* Exercise *
Copy exactly the stretch of lines from the one holding "চুয়াডাঙ্গা বিশেষ প্রতিনিধিঃ---------চুয়াডাঙ্গার" through the last line of the data below, inclusive. Leave out pictures.

* Given data *
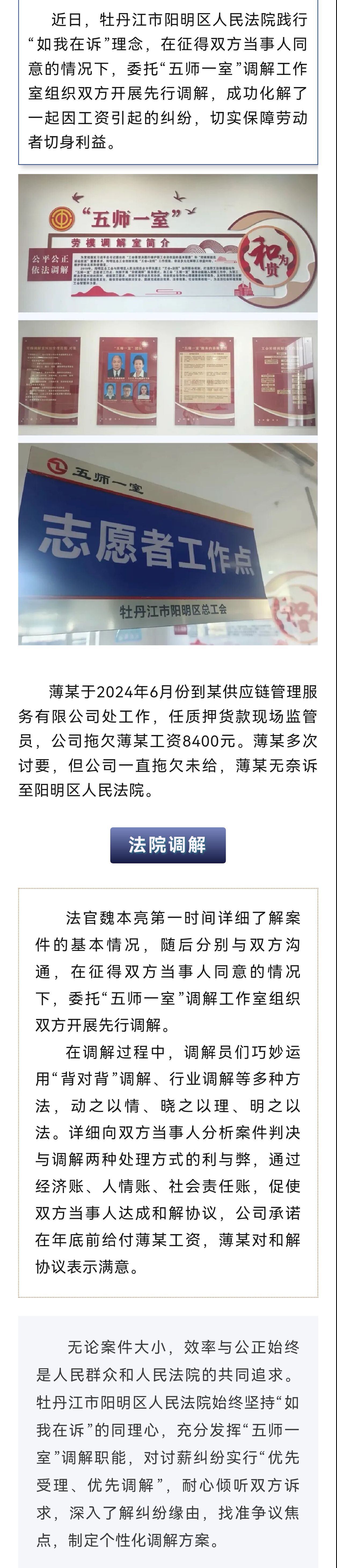 阳明区人民法院“五师一室”助力化解工资纠纷
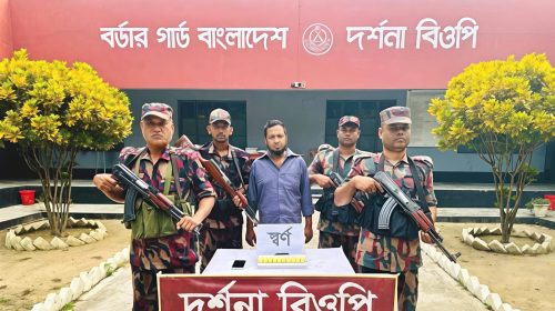 চুয়াডাঙ্গা বিশেষ প্রতিনিধিঃ---------চুয়াডাঙ্গার দর্শনা সীমান্ত এলাকায় বর্ডার গার্ড বাংলাদেশ (বিজিবি) এক সফল অভিযান পরিচালনা করে বিপুল পরিমাণ স্বর্ণসহ এক চোরাকারবারিকে আটক করেছে। উদ্ধারকৃত স্বর্ণের বাজারমূল্য প্রায় আড়াই কোটি টাকা…
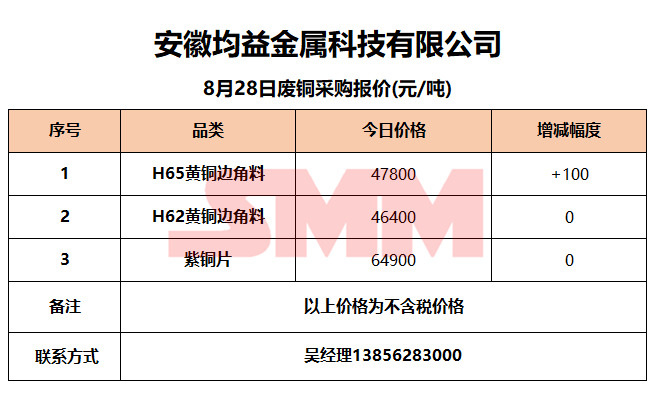 今日安徽均益,废铜采购报价已更新,有货的朋友欢迎联系我们!

* Task answer *
 চুয়াডাঙ্গা বিশেষ প্রতিনিধিঃ---------চুয়াডাঙ্গার দর্শনা সীমান্ত এলাকায় বর্ডার গার্ড বাংলাদেশ (বিজিবি) এক সফল অভিযান পরিচালনা করে বিপুল পরিমাণ স্বর্ণসহ এক চোরাকারবারিকে আটক করেছে। উদ্ধারকৃত স্বর্ণের বাজারমূল্য প্রায় আড়াই কোটি টাকা…
 今日安徽均益,废铜采购报价已更新,有货的朋友欢迎联系我们!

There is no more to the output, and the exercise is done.